Is this wrong? I've tried to enter this in like 5 different ways and it keeps telling me I'm wrong. I probably am... lol

 

[hopelynnwelch]

Ohhh I figured this out!

it is y=-4x+6

Wooot woooot!~

 

[HallsofIvy]

View attachment 4928


So here is how I am thinking I need to do this:

f '(x)=2x^(-2)

This is bad notation f(x)= 2x^{-2}, not f'. You have not yet differentiated.

= -4x^(-1)
=-4/x

And here you differentiated incorrectly. The derivative of x^n is x^{n-1}. With n= -2, that would be -2 x^{-2-1}= -2x^{-3}. You added 1 to the derivative when you should have subtracted. Since x= 1, you got the right value even though your derivative was wrong.
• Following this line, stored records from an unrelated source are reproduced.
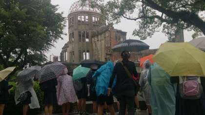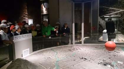 お好み焼きで満腹になったところで、さあいよいよ平和記念公園へ。象徴とも言うべき「原爆ドーム」前に13:20に入り、まずは記念撮影。その後資料館の見学、記念公園内のフィールドワークへとつながっていきます。
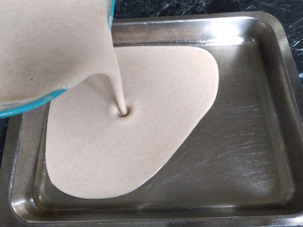 3. Once the batter is ready, remove the baking pans from the oven and carefully spread the hot oil across the pans by tilting them until the bottom is completely covered in a layer of oil. It doesn’t matter if there are little pools of oil in parts of the pans once this is done.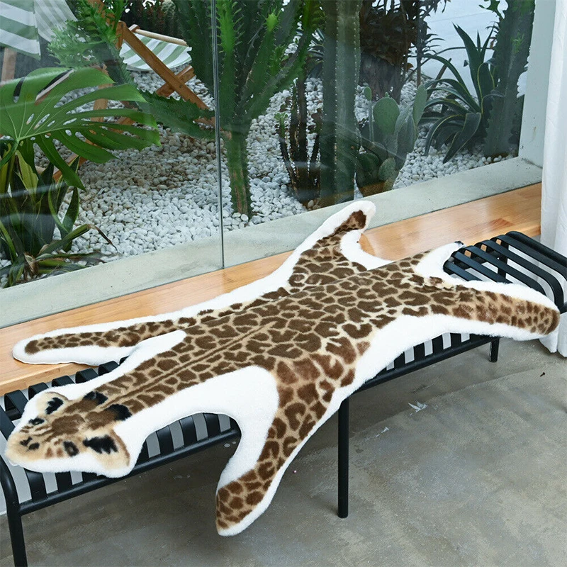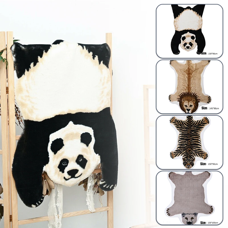 Ковер в скандинавском стиле с принтом животных, панда, леопард, тигр, жираф, форма льва, искусственный плюшевый нескользящий ковер коврик в виде шкуры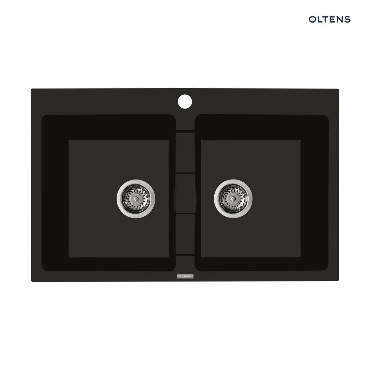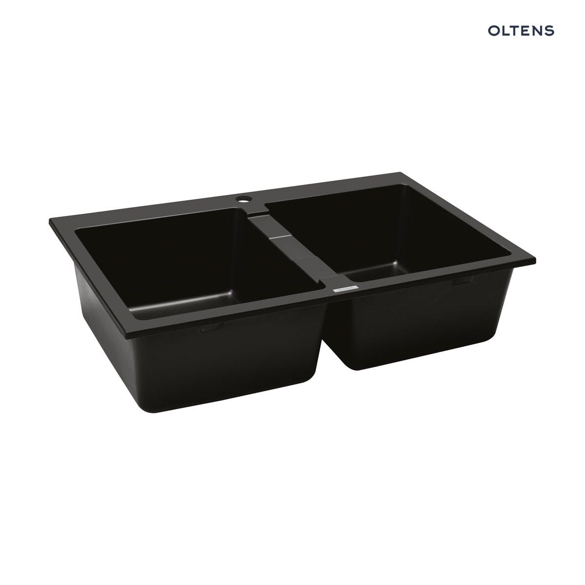 Oltens Gravan zlewozmywak granitowy 2-komorowy 78x50 cm czarny mat 72400300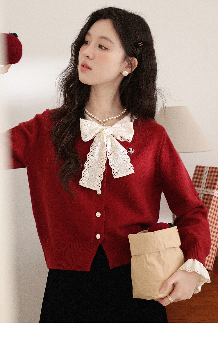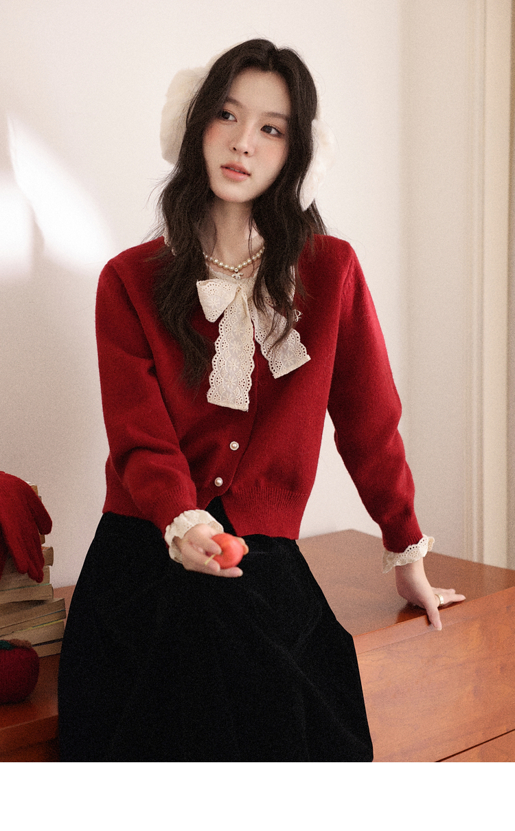 鹿向南【1217/20:00新品前1小时7折限量100件】红色针织衫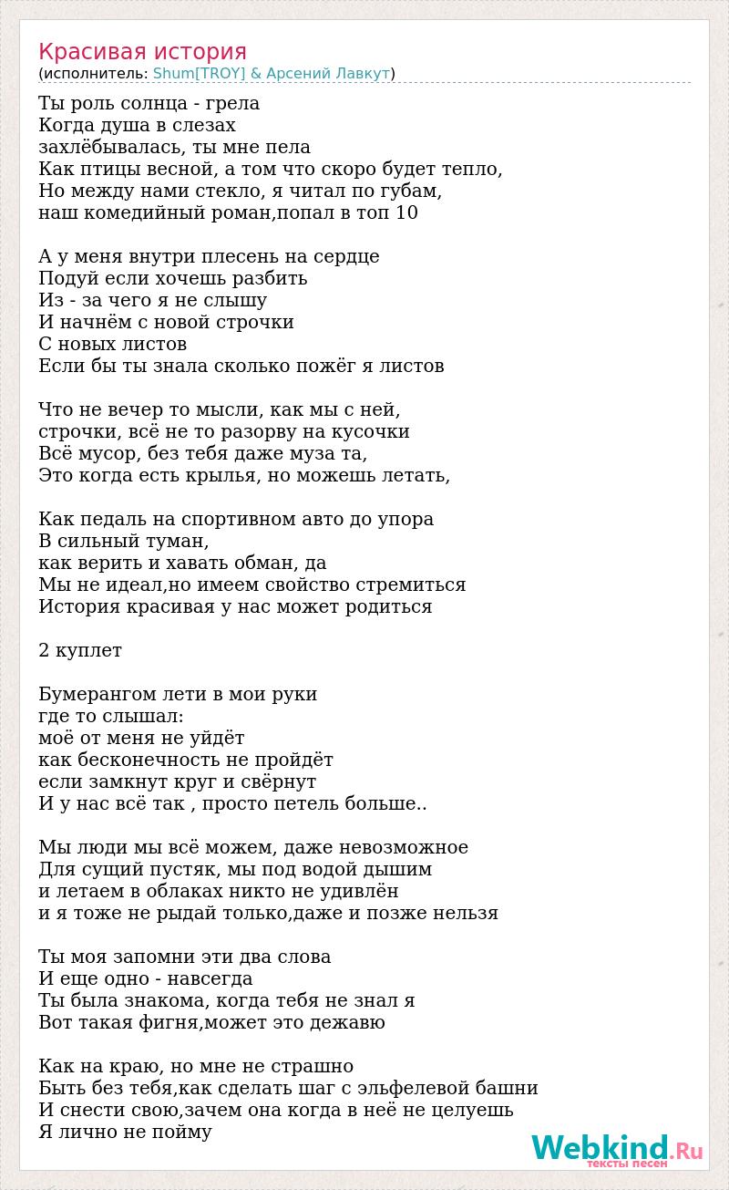 Ты роль солнца - грела Когда душа в слезах захлёбывалась, ты мне пела Как птицы весной, а том что скоро будет тепло, Но между нами стекло, я читал по губам, наш комедийный роман,попал в топ 10 А у меня внутри плесень на сердце Подуй если хочешь разбить Из - за чего я не слышу И начнём с новой строчки С новых листов Если бы ты знала сколько пожёг я листов Что не вечер то мысли, как мы с ней, строчки, всё не то разорву на кусочки Всё мусор, без тебя даже муза та, Это когда есть крылья, но можешь летать, Как педаль на спортивном авто до упора В сильный туман, как верить и хавать обман, да Мы не идеал,но имеем свойство стремиться История красивая у нас может родиться 2 куплет Бумерангом лети в мои руки где то слышал: моё от меня не уйдёт как бесконечность не пройдёт если замкнут круг и свёрнут И у нас всё так , просто петель больше.. Мы люди мы всё можем, даже невозможное Для сущий пустяк, мы под водой дышим и летаем в облаках никто не удивлён и я тоже не рыдай только,даже и позже нельзя Ты моя запомни эти два слова И еще одно - навсегда Ты была знакома, когда тебя не знал я Вот такая фигня,может это дежавю Как на краю, но мне не страшно Быть без тебя,как сделать шаг с эльфелевой башни И снести свою,зачем она когда в неё не целуешь Я лично не пойму

then if I plug 1 for x I get a y value

-4/1 = -4

This is not "y", it is "m". The y value when x= 1 is 2/(-1)^2= 2.

y-y1=m(x-x1)

y+4= -4/x(x-1)[/quote]
where did that "/x" come from? You understand that "m" is the derivative evaluated at the given x, don't you?

y= (-4/x)(x-1)-4

Is this wrong? I've tried to enter this in like 5 different ways and it keeps telling me I'm wrong. I probably am... lol

When x= 1, y= 2 and m= -4. You should have y- 2= -4(x- 1)= -4x+ 4 so y= -4x+ 6.